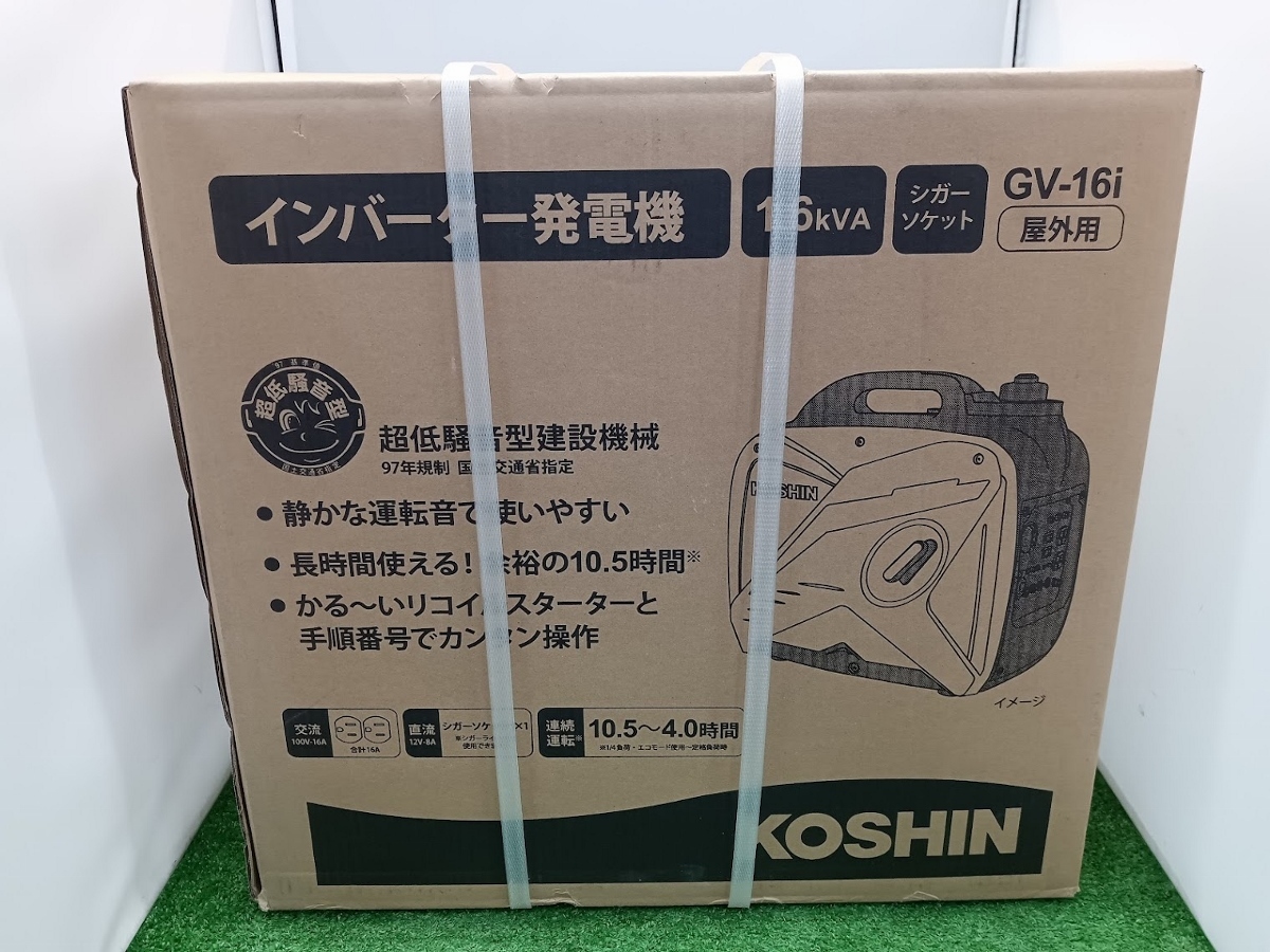 > 未使用品 KOSHIN 工進 インバーター発電機 ガソリン 1.6KVA リコイルスターター 4.2L 22kg GV-16i
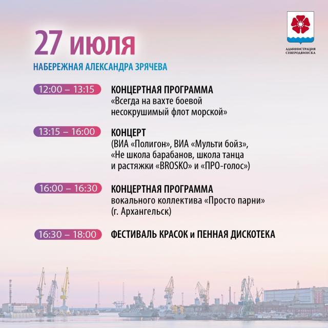 Администрация Северодвинска собрала программу празднования Дня города и Дня ВМФ в карточки-афиши. Не пропустите самое интересное.
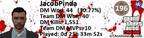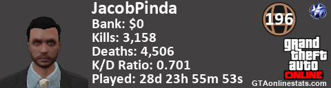 [URL=http://GTAonlinestats.com/showplayer/JacobPinda][IMG]http://GTAonlinestats.com/dmsignature/JacobPinda/sig.png[/IMG][/URL]
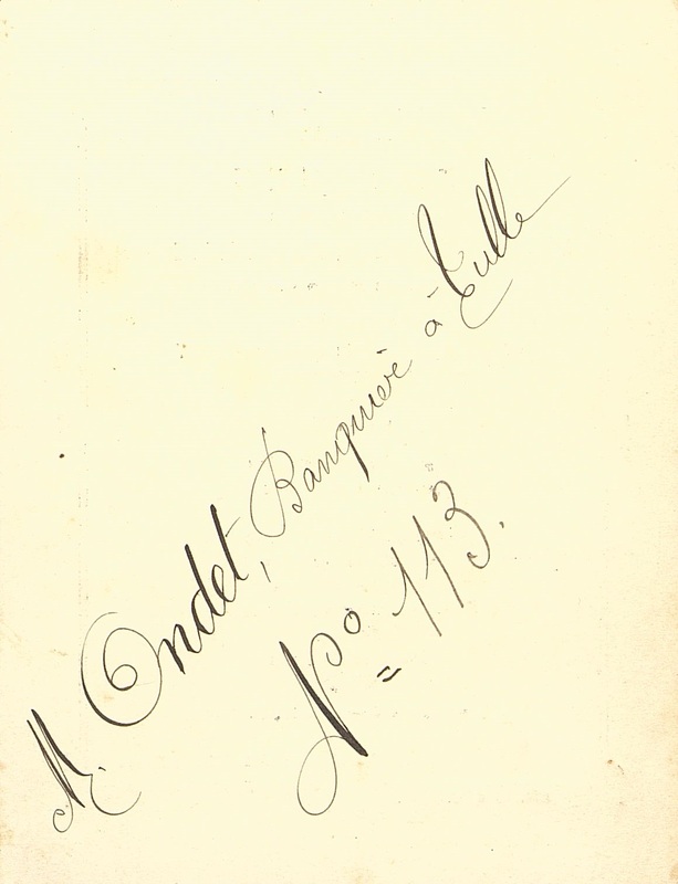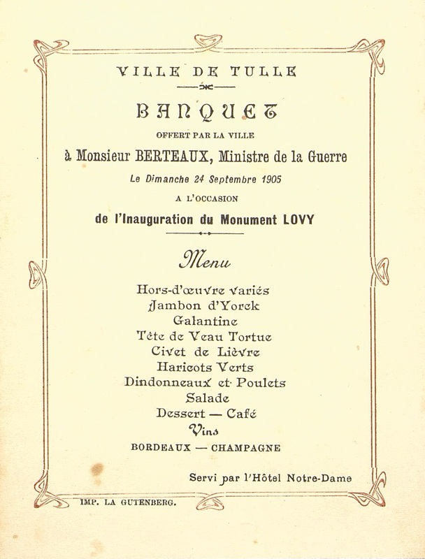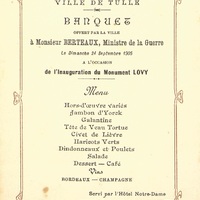 Menu de la Ville de Tulle pour l'inauguration du monument Lovy. Au verso note manuscrite du menu : M. Ondet, banquier à Tulle, N°113.
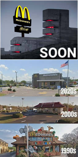 minus-squareteslasaur@lemmy.worldlinkfedilinkarrow-up7·4 months agoLooks about the same in Sweden. Wood panels with green accents together with the golden arches
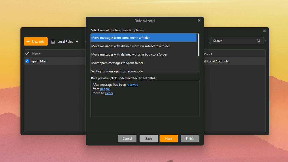 Τόσο ο πελάτης EM όσο και το Mailbird μπορούν να ενσωματώσουν οποιαδήποτε υπάρχουσα δομή φακέλου και φίλτρα μηνυμάτων που έχουν ήδη δημιουργηθεί με τον λογαριασμό σας και τώρα σας επιτρέπουν επίσης να ρυθμίσετε προσαρμόσιμα φίλτρα μηνυμάτων και φακέλους εντός της ίδιας της εφαρμογής. Ο πελάτης EM χρησιμοποιείται για να έχει πολύ καλύτερες ικανότητες φιλτραρίσματος, αλλά το Mailbird έκλεισε το κενό και είναι και οι δύο αρκετά ικανοί.

───

WORK ORDER
Write the records out again exactly as shown above, keeping no pictures.

EXERCISE SOLUTION
 > 未使用品 KOSHIN 工進 インバーター発電機 ガソリン 1.6KVA リコイルスターター 4.2L 22kg GV-16i
 Администрация Северодвинска собрала программу празднования Дня города и Дня ВМФ в карточки-афиши. Не пропустите самое интересное.
 [URL=http://GTAonlinestats.com/showplayer/JacobPinda][IMG]http://GTAonlinestats.com/dmsignature/JacobPinda/sig.png[/IMG][/URL]
 Menu de la Ville de Tulle pour l'inauguration du monument Lovy. Au verso note manuscrite du menu : M. Ondet, banquier à Tulle, N°113.
 minus-squareteslasaur@lemmy.worldlinkfedilinkarrow-up7·4 months agoLooks about the same in Sweden. Wood panels with green accents together with the golden arches
 Τόσο ο πελάτης EM όσο και το Mailbird μπορούν να ενσωματώσουν οποιαδήποτε υπάρχουσα δομή φακέλου και φίλτρα μηνυμάτων που έχουν ήδη δημιουργηθεί με τον λογαριασμό σας και τώρα σας επιτρέπουν επίσης να ρυθμίσετε προσαρμόσιμα φίλτρα μηνυμάτων και φακέλους εντός της ίδιας της εφαρμογής. Ο πελάτης EM χρησιμοποιείται για να έχει πολύ καλύτερες ικανότητες φιλτραρίσματος, αλλά το Mailbird έκλεισε το κενό και είναι και οι δύο αρκετά ικανοί.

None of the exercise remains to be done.